Forward foreign currency exchange contracts are initially recognised at fair value on the date on which the contract is entered into, and are subsequently remeasured to fair value at each reported balance sheet date. The fair value of forward foreign currency exchange contracts is calculated by reference to current forward exchange rates for contracts with similar maturity profiles. The Group has not adopted the hedge accounting rules ever since the decision was taken to change the reporting currency in 2010. Consequently all gains and losses arising from changes in fair value are taken to the income statement.

Derivatives embedded in other financial instruments or other host contracts are treated as separate derivatives when their risks and characteristics are not closely related to those of the host contracts.

Retirement benefits

The Group operates two funded defined benefit pension plans which are in the United Kingdom, all other pension plans are defined contribution in nature. For the defined contribution plans the amount charged to the income statement is the employers' contributions paid or payable during the year.

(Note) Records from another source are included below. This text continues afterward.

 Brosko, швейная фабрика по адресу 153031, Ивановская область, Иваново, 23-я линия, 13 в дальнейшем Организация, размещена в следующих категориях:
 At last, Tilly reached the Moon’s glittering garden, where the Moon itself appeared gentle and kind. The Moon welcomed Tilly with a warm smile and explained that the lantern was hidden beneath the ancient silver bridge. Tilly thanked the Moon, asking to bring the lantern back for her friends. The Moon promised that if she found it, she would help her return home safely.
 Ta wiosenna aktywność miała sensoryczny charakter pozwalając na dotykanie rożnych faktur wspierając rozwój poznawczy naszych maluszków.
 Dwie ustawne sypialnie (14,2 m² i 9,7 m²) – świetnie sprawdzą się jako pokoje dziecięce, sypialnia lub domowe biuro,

For defined benefit pension plans full actuarial valuations are carried out every three years using the projected unit credit method, and updates are performed at each balance sheet date. The cost of providing benefits under these plans is determined separately for each plan, and attributes entitlement to benefits to the current period (to determine current service cost), and to the current and prior periods (to determine the present value of defined benefit obligations). Past service costs are recognised in the income statement on a straight line basis over the vesting period or immediately if the benefits have vested. When a settlement (eliminating all obligations for benefits already accrued), or a curtailment (reducing future obligations as a result of a material reduction in the plan membership or a reduction in future entitlement) occurs, the obligation and related plan assets are remeasured using current actuarial assumptions and the resultant gain or loss recognised in the income statement during the period in which the settlement or curtailment occurs.

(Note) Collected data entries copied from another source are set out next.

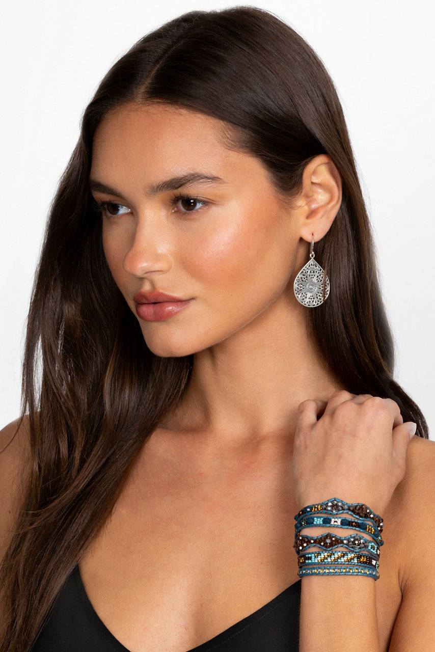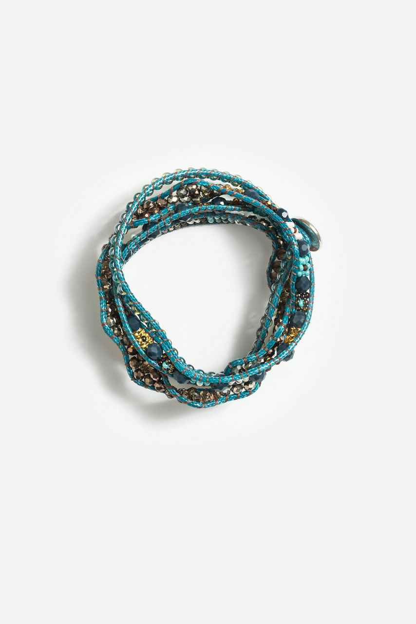 Offering an eclectic look, the Path of Guidance Beaded Wrap Bracelet creates a stunning layered jewelry styling. Elegantly embellished with brilliant glass and crystal beads in earthy tones, this handcrafted bracelet is finished with patina accents and a pewter button closure. Pair with a boho-chic ensemble for a casual look with elevated style.
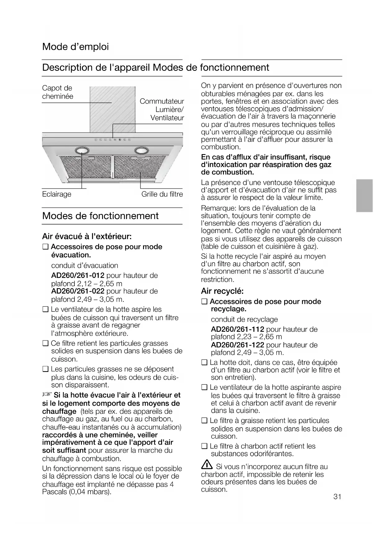 2.Description de l'appareil Modes de fonctionnement Modes de fonctionnement Air évacué à l'extérieur: ❑ Accessoires de pose pour mode évacuation. conduit d’évacuation AD260/261-012 pour hauteur de plafond 2,12 – 2,65 m AD260/261-022 pour hauteur de plafond 2,49 – 3,05 m. ❑ Le ventilateur de la hotte aspire les buées de cuisson qui traversent un filtre à graisse avant de regagner l'atmosphère extérieure. ❑ Ce filtre retient les particules grasses solides en suspension dans les buées de cuisson. ❑ Les particules grasses ne se déposent plus dans la cuisine, les odeurs de cuis- son disparaissent.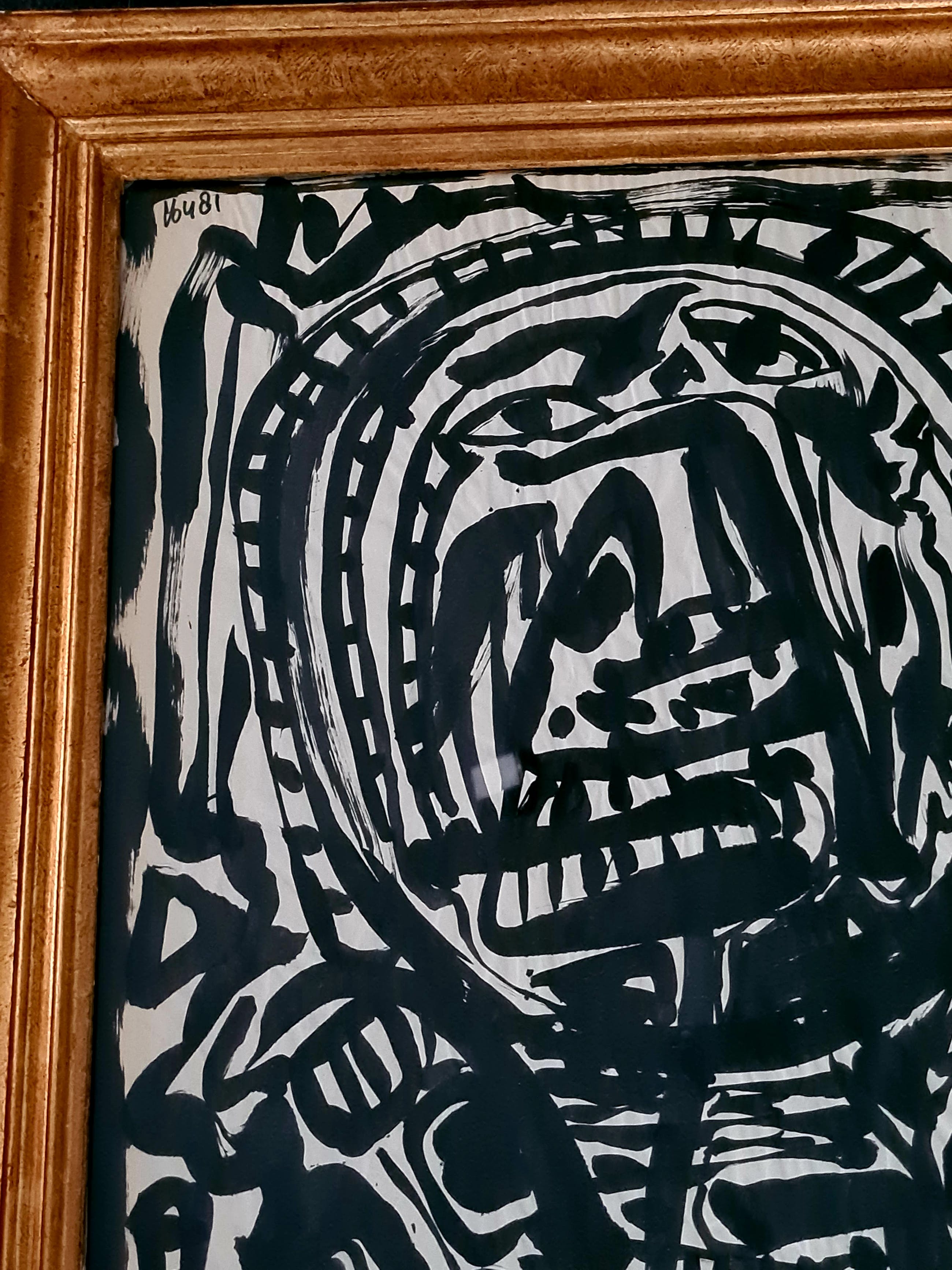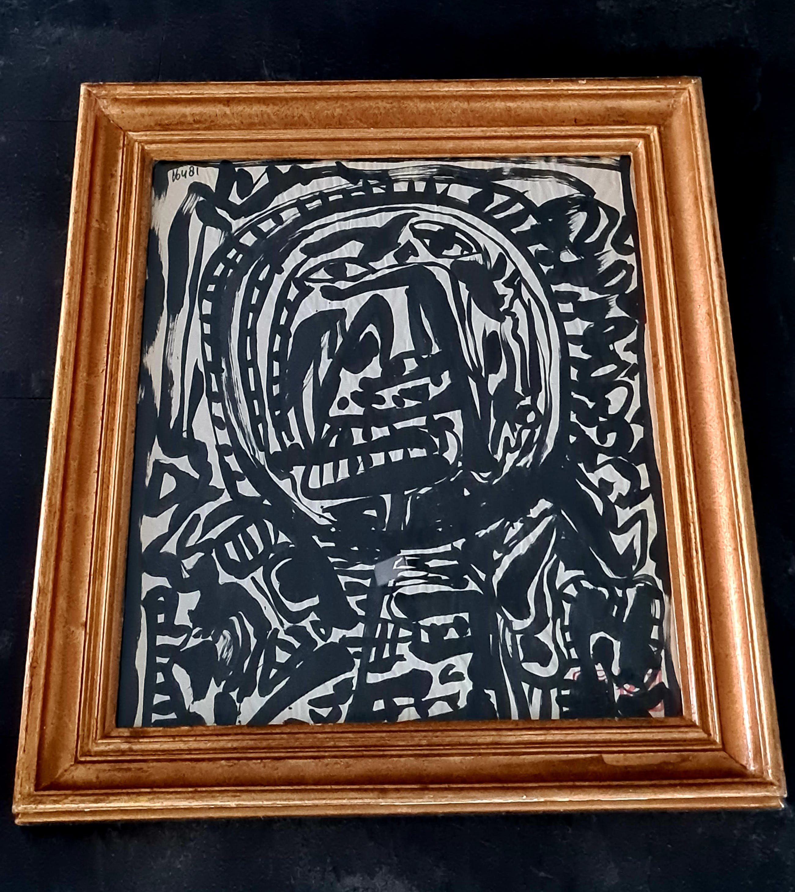 Krachtig werk van Ernst Vijlbrief, in de door hem kenmerkende "Cobra" Stijl, voorzien van Stempels. Ik zal mijn uiterste best doen om het goed ingepakt te versturen, maar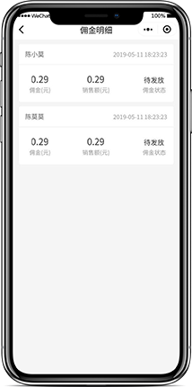 用户下单,系统即时生成订单、 佣金收支明细,账目清晰。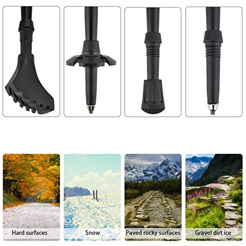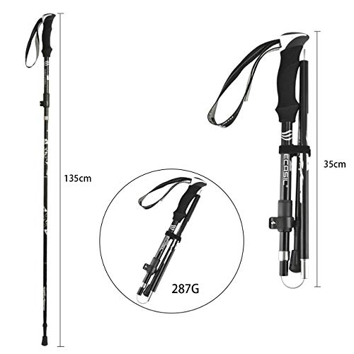 Opvouwbare drievoudige wandelstokken: hij weegt slechts 287 g en kan worden ingeklapt tot een draagbare 35 cm, zodat je ze gemakkelijk in je rugzak kunt stoppen, gemakkelijk op te bergen en mee te nemen op reis. Daarnaast bieden wij ook een nylon draagtas voor u om uw trekkingstokken te beschermen.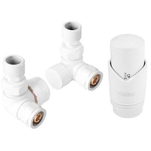 Dekoracyjny zestaw termostatyczny uniwersalny biały; głowica termostatyczna może być montowana z prawej lub lewej strony.

The interest element of the defined benefit pension plan cost represents the change in present value of plan obligations resulting from the passage of time and is determined by applying the discount rate to the opening present value of the benefit obligation, taking into account material changes in the obligation during the year. The expected return on plan assets is based on an assessment made at the beginning of the year of long term market returns on plan assets, adjusted for the effect on the fair value of plan assets of contributions received, and benefits paid during the year. The difference between the expected return on plan assets and the interest cost is recognised in the income statement as finance costs or finance income.

2. Summary of significant accounting policies continued

Actuarial gains and losses arising from differences between actual and expected returns on plan assets, experience adjustments on liabilities and changes in actuarial assumptions, are recognised immediately in the statement of comprehensive income.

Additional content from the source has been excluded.